“Here, also, there is shelling. It targeted the building with a number of mortar shells. But, definitely, they are nothing like the shelling in Ghouta,” says Mahmoud al-Sahar, who arrived at Jisr al-Shughur in Northern Idlib from Damascus’ Eastern Ghouta.
With the arrival of thousands of Eastern Ghouta’s displaced persons, the people’s initiatives and the local organizations’ projects followed aiming to house the displaced people temporarily, until they are transported into more stable places.
Al-Sahar is one out of 22 families that housed a building in Jisr al-Shughur, which Assad’s forces used as a barrack, when they had control over the area.
Statistics by the United Nations Office for the Coordination of Humanitarian Affairs (OCHA) indicate that the number of the housing centers in Idlib and the rural parts of Hama and Aleppo has reached 168 positions, accommodating 12700 families from the different parts of Eastern Ghouta.
Employees Donate Their Salaries to Restore the Building
“With the buses’ kick off from Eastern Ghouta to the point zero, located in the town of Qalaat al-Madiq in rural Hama, we announced a state of alert to provide these displaced people’s needs. This triggered the idea of donating a part of the employees’ salaries to restore this building,” explains Ahmad Lulu, the Director of “Ataa” for Relief Organization’s office in Jisr al-Shughur and the restoration project’s manager.
“We managed to collect about nine thousand dollars to cover the project’s costs.

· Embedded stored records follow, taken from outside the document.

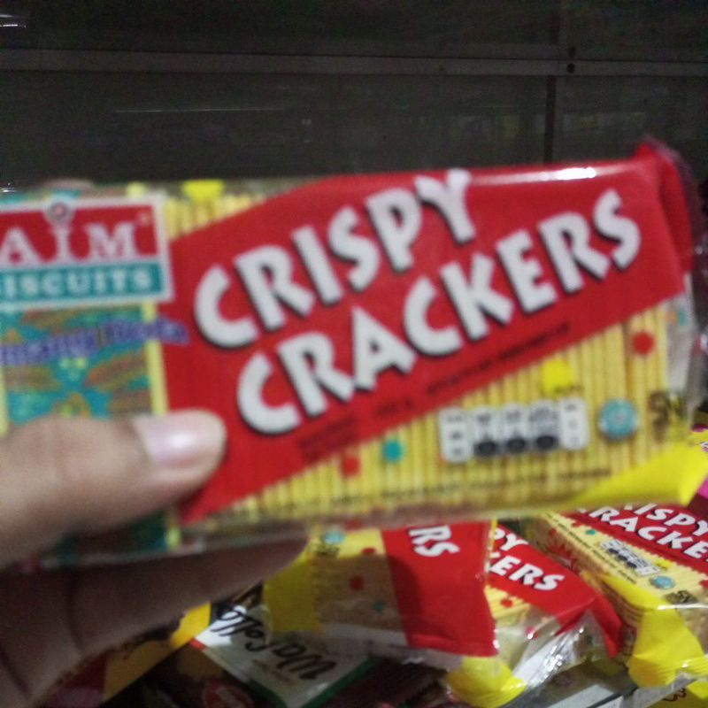 crispy cracker dari aim biscuits,rasa enak gurih berat 150grm, expired aman
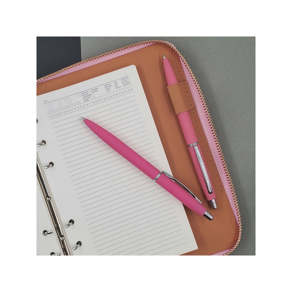 В ручке нет ничего лишнего, но она привлекает к себе внимание: изящна благодаря плавным линиям, эргономичному корпусу и приятна на ощупь, благодаря покрытию soft-touch. Контраст добавляют кольцо и клип из серебристого металла. Отличный бизнес-сувенир!
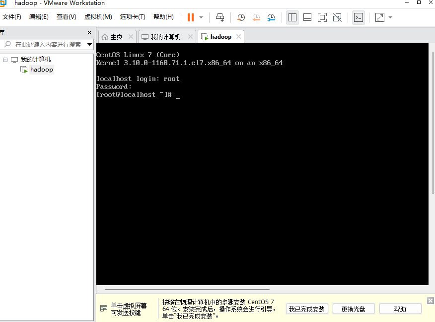 在虚拟机中成功安装CentOS简化版,如下图所示:
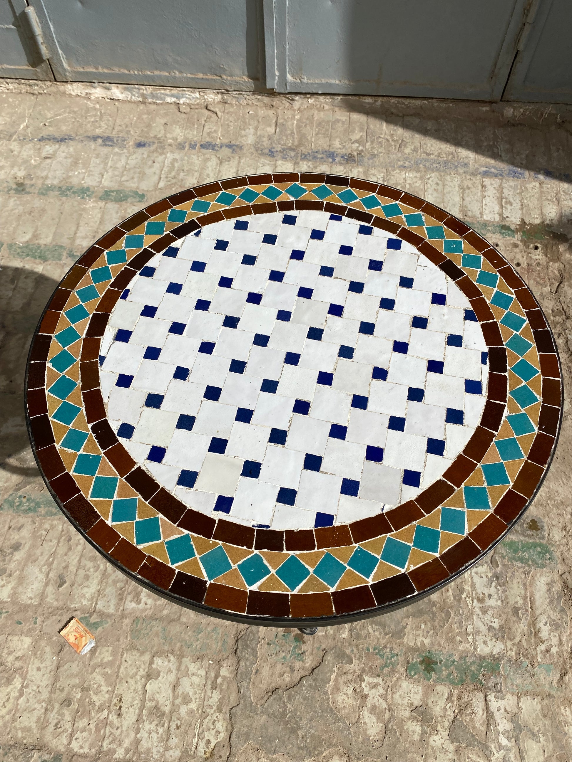 A timeless piece inspired by traditional Moroccan craftsmanship, this Classic White & Blue Mosaic Table features an elegant white-tiled surface accentuated with small, deep-blue mosaic details. The intricate border blends warm brown, turquoise, and beige tiles, creating a harmonious contrast that enhances its visual appeal.
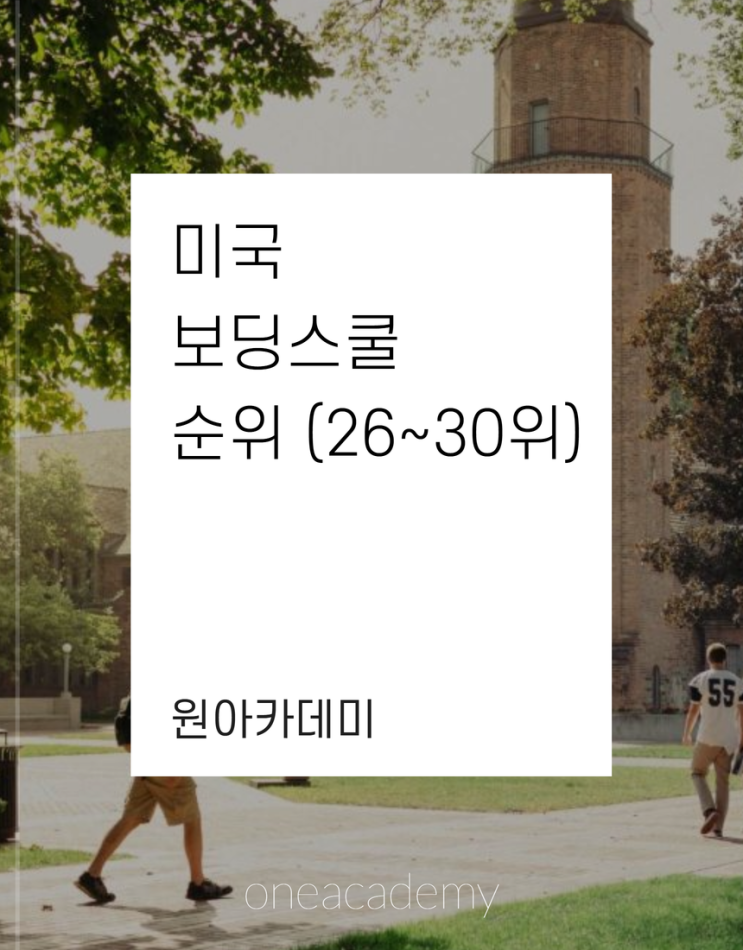 미국 보딩스쿨 순위 (26~30위) by. 압구정 원아카데미 (02-501-5590) 안녕하세요, 보딩스쿨 · 미국대학 전문 압구정 원아카데미 입니다. 오늘의 글에서는, 2026년 Niche 랭킹 기준 미국 보딩스쿨 종합 순위를 안내드리려고 합니다. 이번 글에서는 26~30위까지의 학교들을 먼저 소개하고, 다음 글에서는 31~35위의 학교들을 안내드릴 예정입니다. 보딩스쿨 랭킹은 평가 기관과 기준, 그리고 연도에 따라 비교적 유동적으로 변동되기 때문에, 순위 자체를 절대적인 기준으로 받아들이기보다는 각 학교가 지닌 교육 환경과 고유한 색깔을 이해하는 참고 자료로 활용하시는 것이 바람직합니다. 그럼 아래에서 학교별로 하나씩 살펴보겠습니다. 26위: ....... <img src="https://blogthumb.pstatic.net/MjAyNjAzMDVfMjcz/MDAxNzcyNzAzNDgxMTc3.9Ay2RXr7enZZidMJbv1XTkJQZFHPJy1WN_tZGWuqQkkg.8oiPJZPBTbhMeSHR9wXxjhEgm5H-qK8u69uXo4aza88g.PNG/%BA%B9%BB%E7%BA%BB_%BF%F8%BC%AD_%BF%A1%BC%BC%C0%CC_%286%29.png?type=s3" />
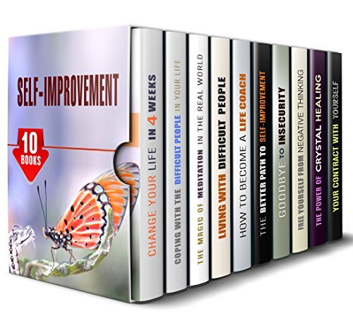 In Change Your Life in 4 Weeks , you'll learn how to live a happy, healthy and unhindered life In Coping with the Difficult People in Your Life , you'll learn tips to positively react to their irritating behavior In The Magic of Meditation in the Real World , you'll learn how to use meditation for focus, relaxation and so much more! In Living With Difficult People , you'll learn to deal and live with people who are screwed-Up In How to Become a Life Coach , you'll learn to influence & inspire people to follow their dreams and change their lives for the better In The Better Path to Self-Improvement , you'll learn to leave your old life behind and start a new one In Goodbye to Insecurity , you'll learn the best ways to dealing with jealousy and boosting self-esteem In Free Yourself from Negative Thinking , you'll learn 21 positive ways to stop worrying, relieve stress & be happy In The Power of Crystal Healing , you'll learn to cleanse and declutter your mind, body and soul with crystal healing therapy In Your Contract With Yourself , you'll learn your binding agreement to become a happier, better you

We immediately focused on a building in the area of Jisr al-Shughur; it consists of three floors. Racing with time, we managed to restore the building in three days,” Lulu added.
Formerly, the building was used as a hospice. After the break out of the revolution, Assad’s forces have turned it into a military barrack. It remained thus until Jisr al-Shughur was controlled, in April 2015, after which the building was managed by local civil associations, on top of which was “al-Birr Association”.
Following months of abandonment, the organization rehabilitated it and provided it with solar energy boards and electricity batteries for lighting. Its housing capacity, thus, reached 25 families, with covering the operation costs for three months.
Iyad al-Na’ssan, the director of the Organization’s office in Hama, told Enab Baldi about the project’s moral effect, “for most of the projects usually undergo a process of marketing and are being studied, in addition to many other boring routine procedures, which might end with approval or refusal. However, this project was our choice, and we needed no one’s approval to implement it.”
In Need for Medical care
Omar Katab, displaced from Eastern Ghouta, lives with his family that consists of 15 members, tells Enab Baladi that “any place is better than where we were living in Ghouta. We lived in the crowded damp basements and the danger of death haunted us from every side. We left Ghouta without taking anything with us.”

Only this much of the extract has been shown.